Mechanical Mixing Option

  • Add the flour and salt in a food processor and give a quick pulse to mix the salt into the flour.
  • Add the water and turn on the processor. Optimally a loose ball of dough with some straggling pellets gets formed. If pellets form, but they don't come together, drizzle water into the processor a teaspoon at a time. Each time, wait 15 seconds to see if a loose ball is formed. If a tight ball is formed and rides above the blades of the processor, the dough is probably on the wet side. This can be fixed during the kneading process.

Knead the Dough

  • Knead the dough by repeatedly folding one portion of the dough over the rest of the dough ball, pressing the dough together, turning one quarter, and repeating.
  • If you find that the dough cracks as you knead, more water is required. Add water very slowly by wetting your hands and letting the water from the surface of your hands work into the dough as you continue to knead.
  • If you have kneaded the dough substantially and it continues to stick to your hands, the dough is too wet.

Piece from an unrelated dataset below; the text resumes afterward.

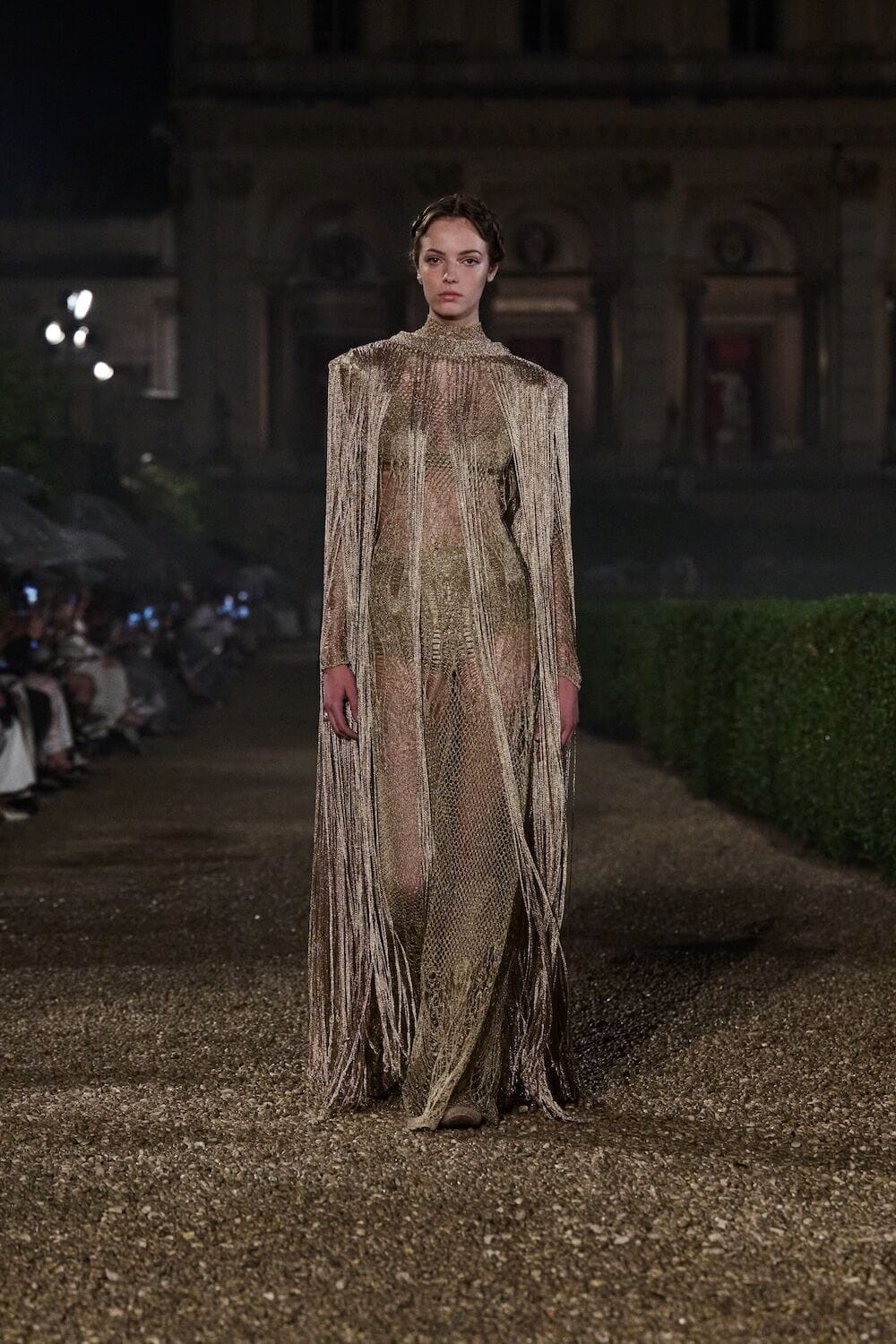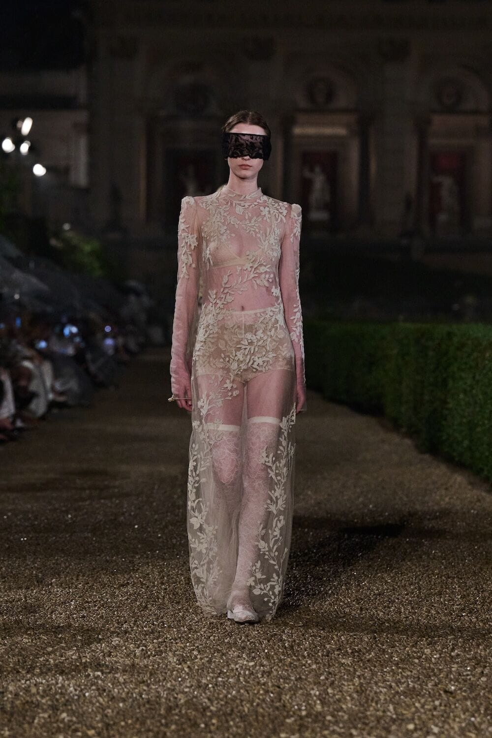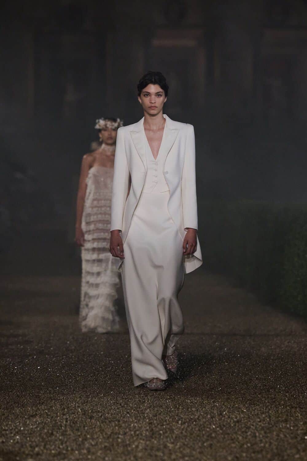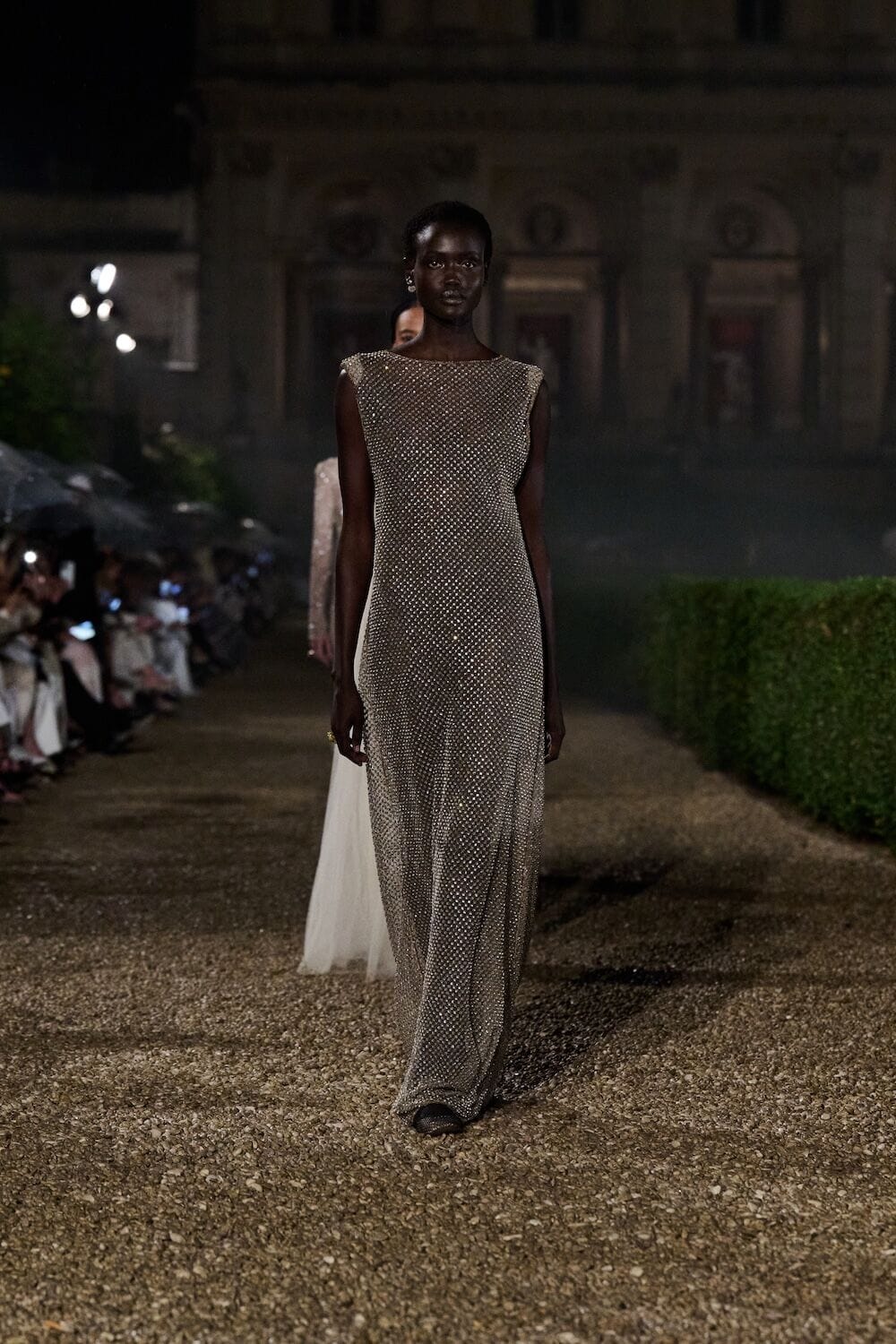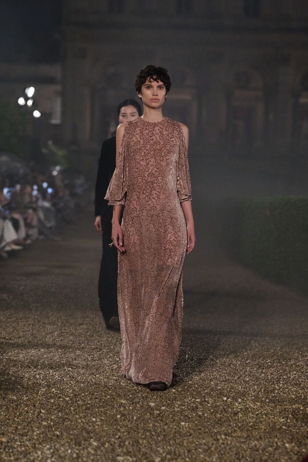 As the sun set, a mist rolled over the Villa’s famous gardens, offering a suitably cinematic backdrop for the models, who crunched along its gravel pathways. Chiuri mixed haute couture pieces in with her cruise collection, which married ethereal delicacy with androgynous tailoring. “You see the craft,” said Chiuri of her black and white color palette (which also extended to the guests). It was inspired by a Man Ray photograph of a Bal Blanc, thrown in 1930 by art patron Mimì Pecci Blunt, who also founded the Rome’s Teatro Della Cometa, the 1950’s theater that Chiuri and her daughter, Rachele Regini, have painstakingly restored over the past four years.

Add flour very slowly by dusting the outside of the dough ball and working that flour into the dough as you continue to knead.
  • Continue to knead the dough until is smooth. Semolina dough won't develop the same gluten matrix that you may be familiar with from working with egg and common flour based pasta dough. This is OK. You are looking for a malleable pasta dough, not an elastic one.

Rest the Dough

  • When you are done kneading the dough, form it into a tight ball and wrap it in plastic wrap. Optimally, allow the dough to rest for two hours before rolling.

Shape the Dough

  • Shaping the dough is beyond the scope of this recipe. Youtube is a good option for demonstrations of shaping many, many different pastas. In general, you will cut about 1/8 of the dough from the ball, roll that into a long, skinny log, cut that log into small pieces, and shape each piece.
  • One piece of advice, from experience... My instincts when first shaping pasta was to start with pieces that are just too large. Usually smaller pieces are better. While your milage may vary, try to error on a bit too small than a bit too large.

Notes

  • Different brands and varieties of salt have very different weight to volume ratios. Diamond Crystal brand kosher salt (one of the lightest options) yields about 3 grams per teaspoon.
  • There are a lot of variables in the optimal flour to egg ratio, including the level of residual moisture content in the flour and the humidity of the room. There is no perfect measurement. A more precise, but still not guaranteed measurement is to weigh the three eggs and then add enough water to reach 285 grams of liquid weight. Use this with 300 grams of flour. You still may need to make adjustments as described in the recipe, but the odds are more in your favor that the dough will have a correct hydration without adjustment.